В дороге родители слушали радио. Стариковский канал 101,1, музыка, потом WNYC со словами, а когда сигнал слабел, они ждали, пока не появится “Ист-Хемптон мьюзик” – примета, означавшая, что выходные начинаются: софт-рок и лобстер-ролл, еще одна стандартная шуточка отца, и WEHM с аудиокнигами. В тот раз они собирались слушать Гомера. Думаю – не могу быть уверен, но предполагаю, – что к тем выходным накануне Дня поминовения они добрались до Четвертой песни Одиссеи, Телемах является во дворец к Менелаю в тот самый день, когда дочь Менелая и Елены, возвращенной из Трои, выходит замуж за сына Ахилла.
Возможно, они слушали те строки, в которых Менелай вспоминает день, когда Елена подошла к деревянному коню, заподозрив, что внутри прячутся греческие воины, и соблазнительно, лукаво подражала голосам их жен (воображаю, как она тянулась на цыпочках, эротично гладила деревянное брюхо чудища, пока окликала мужчин) – так чувственно, что Диомед, и сам Менелай, и даже Одиссей готовы были выпрыгнуть к ней, и все же Одиссей в последний момент удержался сам и удержал товарищей, кроме Антикла, тот уже собирался закричать в ответ и закричал бы, если б Одиссей не сомкнул две жилистые руки на его устах и сжимал их там. По некоторым версиям, он и вовсе удушил Антикла, спасая спрятавшихся греков.

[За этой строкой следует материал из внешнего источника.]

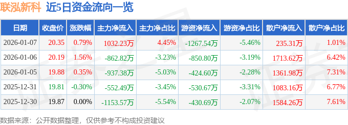 证券之星消息,截至2026年1月7日收盘,联泓新科(003022)报收于20.35元,上涨0.79%,换手率0.86%,成交量11.42万手,成交额2.32亿元。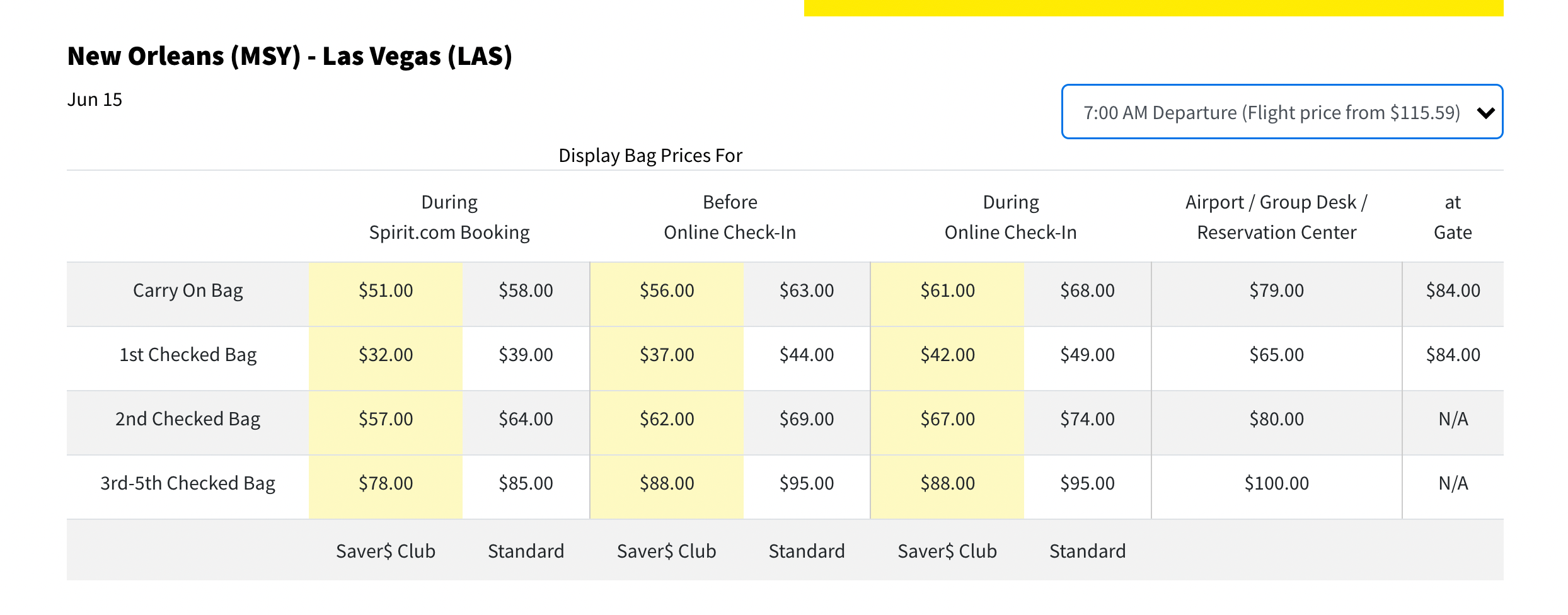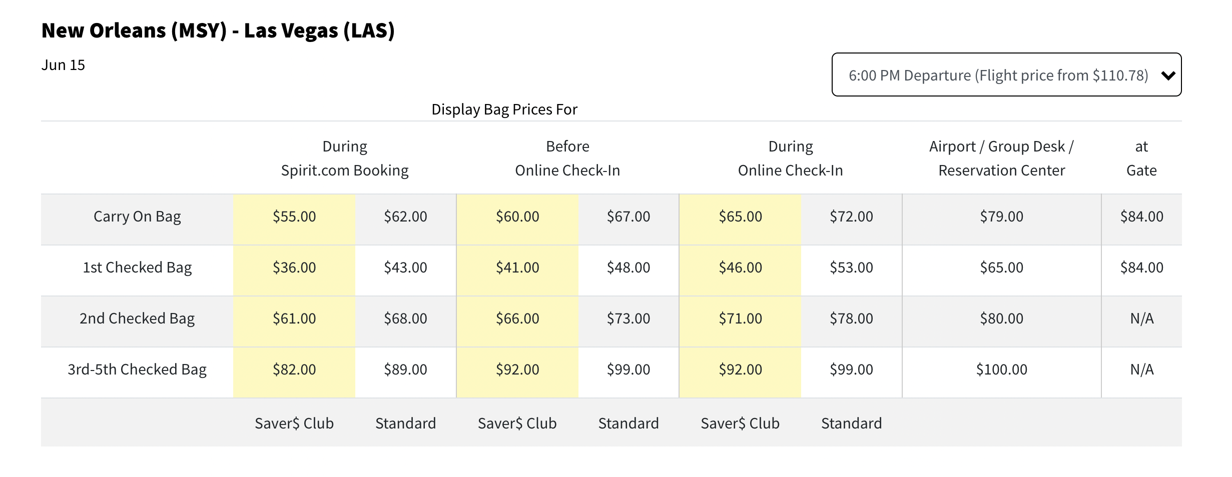 Specifically, the airline uses a dynamic pricing model for carry-on and checked bags. So, flights at different times on the same day between the same city pairs will sometimes have different bag pricing. Here's an example showing two flights on the same day traveling from New Orleans to Las Vegas:

Да, может быть, те бессмертные строки звучали в их ушах, когда металлическая труба, валявшаяся на дороге, просто валявшаяся там хренова металлическая труба скатилась с какого-то хренова грузовика и разве водитель грузовика остановился нет он не остановился знал ли он нет он вряд ли даже заметил закрепил ли он как следует груз нет он абсолютно точно не закрепил его на хрен потому что вот она
металлическая труба
На полосе для автомашин с пассажирами потому что мои родители мои любимые единственные мои никогда не гнали нет сэр они предпочитали ехать не торопясь по той полосе без съездов и развязок предназначенной для машин с пассажирами по размеченной ромбами разумной дороги потому что кому какое дело почему но в тот раз дорога оказалась не такой уж безопасной на хрен потому что металлическая труба
покатилась
Я приближаюсь к ужасу, я сделаю передышку и соберусь с духом. Может быть, напишу потом.
Нет. Никакого потом. Сейчас.
Труба семи футов длиной. Она выкатилась под колеса другого автомобиля, который зацепил ее, как писали в отчетах, “по касательной”. Труба завертелась и каким-то образом ухитрилась встать на попа, перекувырнулась, разнесла ветровое стекло машины, в которой ехали мои родители, и ударила отца по голове, убив его на месте. Автомобиль потерял управление, его вынесло с безопасной полосы на полосу для скоростного транспорта, он столкнулся с несколькими машинами разом, и в этой аварии погибла и мама тоже. Чтобы вытащить их из машины, разрезать металл, спасателям понадобились “челюсти жизни”, однако оба оказались уже мертвы. Тела их доставили в Университетскую больницу Норт-Шора, в округе Нассау, и там обоих признали “мертвыми по прибытии”. В полночь, едва я успел трепетно объясниться Сучитре Рой в любви в обустроенном на британский лад пабе на углу Бликер и Ла-Гуардиа и услышал ответ, на который почти и не надеялся – она тоже питает ко мне глубокие чувства, – раздался этот звонок.
Большую часть того года я почти не мог ни о чем думать. Я слышал только оглушительный грохот гигантских крыл – ангела смерти. Двое спасли меня. Одной была моя только что обретенная возлюбленная, блистательная, нежная Сучитра. Вторым – Нерон Голден.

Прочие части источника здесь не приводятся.